3.洋食全般・イタリアンにはオリーブオイル。でも和食の“干物”にも意外と合う!
和・中おかずはごま油・太白ごま油でまかなえますが、洋食だとさすがに味の薄い太白でも「ん?」と仕上がりの味にズレを感じます。そこで活躍するのがオリーブオイル。厳密にはピュアオイル、エキストラバージンなどランクがありますが、エキストラバージンでも手に入りやすい価格のものが出ており、ドレッシングからパスタまで全部作れてしまうのでおすすめです。
また、和食の「干物」にもどうぞ。

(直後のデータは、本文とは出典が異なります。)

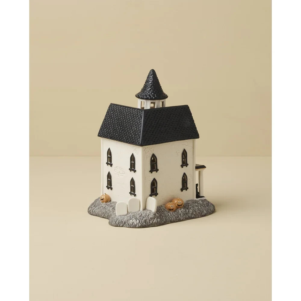 Set a spellbinding scene with this frightfully fun Vintage Halloween manor house. With grinning pumpkins, boarded-up windows, a black cat, a graveyard, and more, it's a scary-good addition to your own Halloween haunt. You're sure to love it?forevermore!
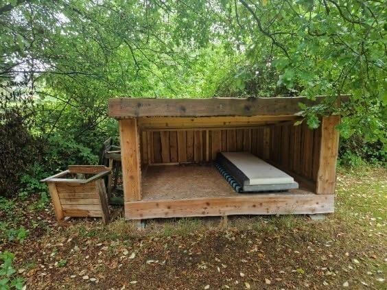 Fritidshuset er beliggende på en 1000 m2 grund. Fritidshuset har en overdækket terrasse, med havemøbler og gril. På grunden er der bål sted og shelter.
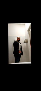 Alex is a man with a beard, wearing a black leather jacket and a hat. He has short hair and a tattoo on his right arm. In the background, there's a couch and a door. This image may be used for various purposes such as creating a profile on OnlyFans or a dating app.
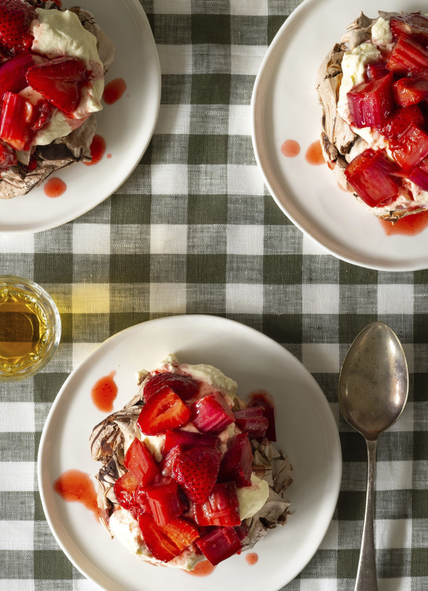 Mini Chocolate Pavlovas with Roasted Rhubarb and Strawberries

オリーブオイルをひいたフライパンで焼くとパリッと仕上がり、しかも魚とオリーブの風味が意外にベストマッチ!
■サラダ油はこういうときに使う
ごま油やオリーブオイルを新しくそろえても、持っていたサラダ油は捨てないで。大量に油を使う天ぷらやコロッケなどの揚げ物全般に重宝します。オリーブオイルや太白も使えますが、予算が厳しい。油使い分けワザ愛用中の料理関係者も「揚げ物だけはサラダ油」にしている人、多いです。
■味だけでなく、体の調子も良くなる?意外な効果
油の使い分けをしばらく続けると「味付けは変えてないのに、最近うちのごはんはおいしい」と感じていただけると思います。しかしさらに驚くのは「なんだか体が調子いい、軽い!」と思えることです。植物油は共通して大さじ1杯約120kcalなのでやせる効果はありません。またサラダ油自体もきちんと安全性が認められている食品です。どうしてそうなるのか科学的にわからないのですが…実践している人はみんな口をそろえて言います。毎日使う調味料だからこそ、1種ではなくバランス良くいろいろな油を摂ると、体も喜ぶのかもしれません。油使い分けワザ、料理好きの方なら一度おためしください。